It appears clearly that there is no overhead with gdb. The difference with your timings is maybe elsewhere (http://stackoverflow.com/questions/27380443/why-is-gdb-so-slow-in-windows), but I don’t have any Windows system to verify.

We can also see that #pragma optimize "-O3" is not as good as giving “-O3” on the command line. Is it a bug in gcc? I don’t know. Anyway, that supports your argument that -O3 should be turned on by the CG team.

Finally, code2 is very fast with optimizations turned on. The explanation is that the test is a bit flawed. The result of the computation is not used at all, and gcc is able to remove it completely. You can check that by looking at the assembler code (option -S).

Magus · April 19, 2016, 5:29pm

Interesting. Thanks for the post Plopx.

As far as i remember, this is not a bug. But i’m not completely sure. There’s some optimizations that the pragma directive can’t do. You can try for example to use some C library in C++, they are most of the time not supported by the -O3 flag, but they works with the pragma directive.

Didn’t knew that, i was trying to see why the code with vector is slower. Didn’t think that -O3 completly remove the line.

oook · June 12, 2016, 1:33pm

This puzzle was quite challenging! Would deserve to be in a very very hard category

Solving the challenge in Python first turned out to be very useful for me. Python has support for big integers by default and numpy has many built-in functions to speed-up the implementation.

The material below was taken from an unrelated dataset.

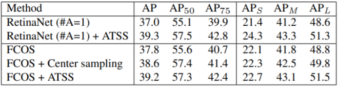 根据下表可以发现,即使 anchor box 数量为 1 的 RetinaNet 和 FOCS 在都加上 ATSS 策略之后,效果都有明显的提升,这也证明了 ATSS 策略的有效性。

Once the problem was solved in Python, it was easier to translate it to C++ since I could always compare intermediate results with the Python implementation.

macton · June 17, 2016, 1:12am

Definitely don’t look at this if you don’t want any spoilers:

I wrote up (or rather, generated from the solution) a post with details on each step of my particular solution. I’d be interested in hearing about other’s approaches and differences. ***)

(Note puzzle does pass with 100%, but there’s one specific minor but annoying gotcha that’s not covered in the particular examples in that link.)

edit: removed link